- HOW TO COMPLETE THIS TASK -
The records below must be written out exactly, with every picture left behind.

Data items
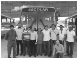
Grupo de Bom Repouso recebendo os ônibus
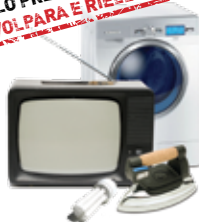
RAEE (Tutti i materiali elettrici ed elettronici)
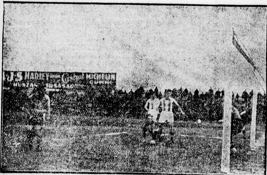
A Bocskay gólja.
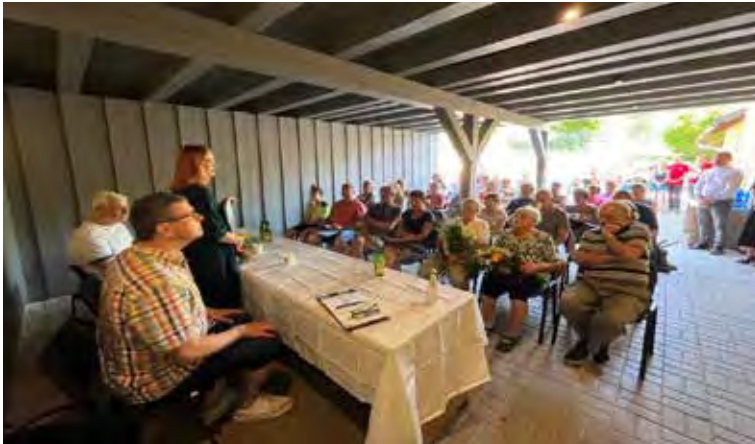
Na akci přišlo v parném počasí více jak 60 občanů a přátel Albrechtic.
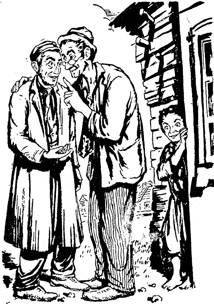
וויבאָרד א סוד — פון איד וויסן.
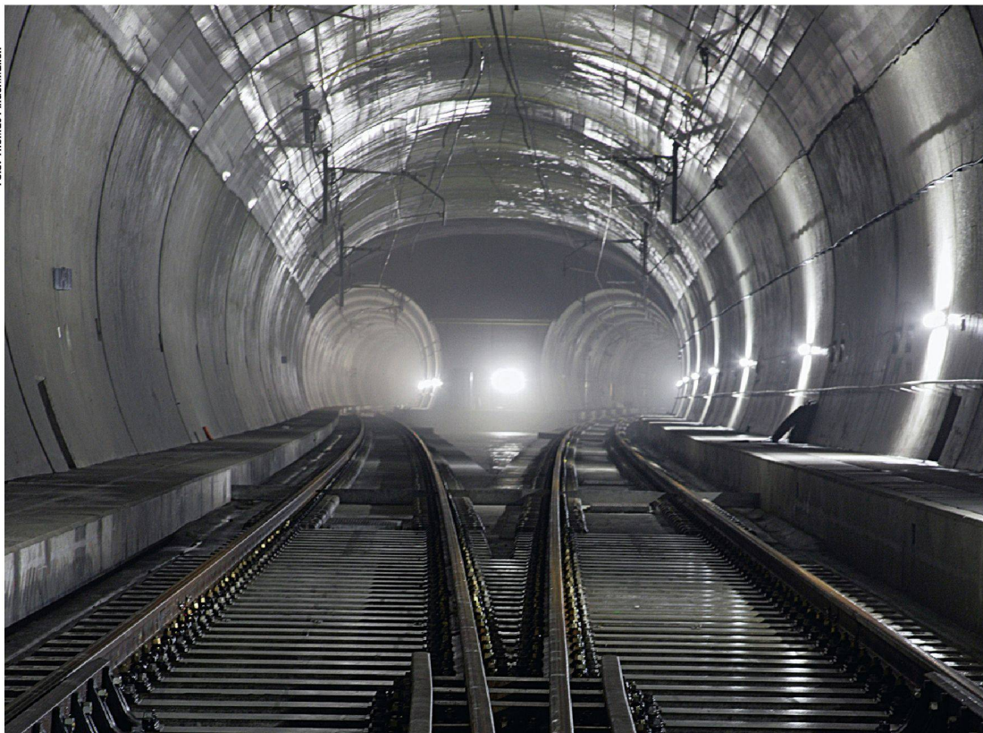
[Im Lötschberg-Eisenbahntunnel: über 1000 km Hoch-, Mittel- und Niederspannungskabel sowie fast 1500 km Sicherheits- und Telekommunikationskabel]

- TASK RESULT -
Grupo de Bom Repouso recebendo os ônibus
RAEE (Tutti i materiali elettrici ed elettronici)
A Bocskay gólja.
Na akci přišlo v parném počasí více jak 60 občanů a přátel Albrechtic.
וויבאָרד א סוד — פון איד וויסן.
[Im Lötschberg-Eisenbahntunnel: über 1000 km Hoch-, Mittel- und Niederspannungskabel sowie fast 1500 km Sicherheits- und Telekommunikationskabel]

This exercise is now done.